As they scrambled to contain the damage from the hack and regain control of any compromised devices, the spy hunters realized they faced a new kind of threat. In 2016, Russia had used thousands of covert human agents and robot computer programs to spread disinformation referencing the stolen campaign emails of Hillary Clinton, amplifying their effect. Now counterintelligence officials wondered: What chaos could Moscow unleash with thousands of Twitter handles that spoke in real time with the authority of the armed forces of the United States? At any given moment, perhaps during a natural disaster or a terrorist attack, Pentagon Twitter accounts might send out false information. As each tweet corroborated another, and covert Russian agents amplified the messages even further afield, the result could be panic and confusion.

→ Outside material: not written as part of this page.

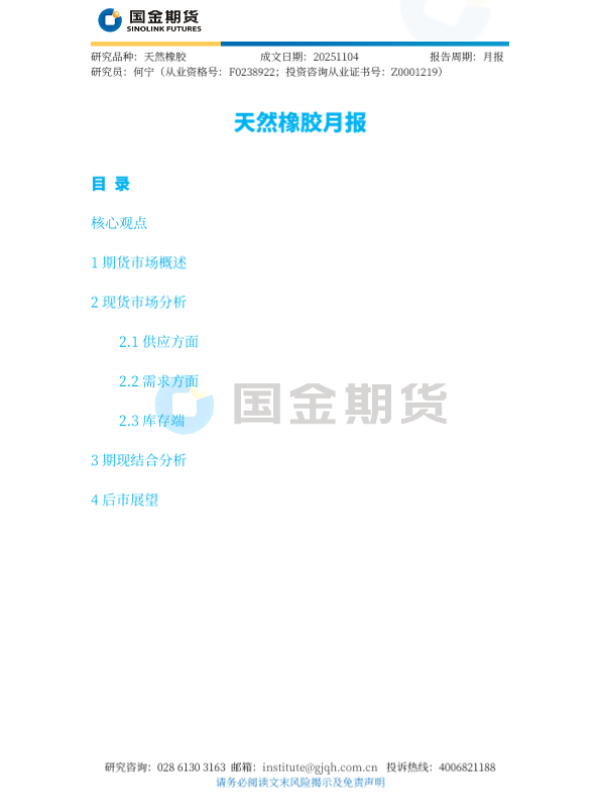 【国金期货】【202511】天然橡胶月报-6页 证券期货研究报告
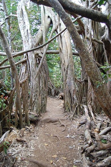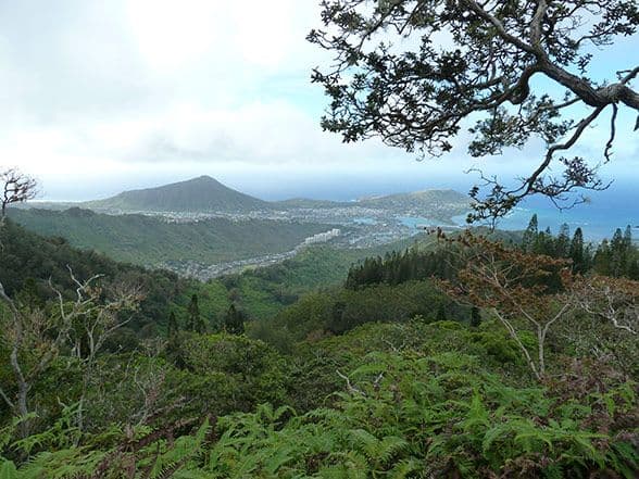 Once I step beyond that resting zone, it’s a steep climb straight to the top. A root-riddled scramble leads to a second bench offering the first panoramic view that stretches over Kuliouou valley out to the sea. Then comes a distinct gnarled archway, woven by banyan branches, that I duck through as I head toward a thin ridge where the views become exponentially more and more beautiful. At this point, a decade or so ago, I once faced a sheer toe and finger scramble up a dirt, or often mud, face until some well-placed ropes aided my way. Now, hikers have the luxury of stairs ? yes, a relative luxury ? and more and more stairs, before finally arriving at a bald plateau. The committed effort makes arrival at the top that much more rewarding.

For many Americans, Russian hacking remains a story about the 2016 election. But there is another story taking shape. Marrying a hundred years of expertise in influence operations to the new world of social media, Russia may finally have gained the ability it long sought but never fully achieved in the Cold War: to alter the course of events in the U.S. by manipulating public opinion. The vast openness and anonymity of social media has cleared a dangerous new route for antidemocratic forces. “Using these technologies, it is possible to undermine democratic government, and it’s becoming easier every day,” says Rand Waltzman of the Rand Corp., who ran a major Pentagon research program to understand the propaganda threats posed by social media technology.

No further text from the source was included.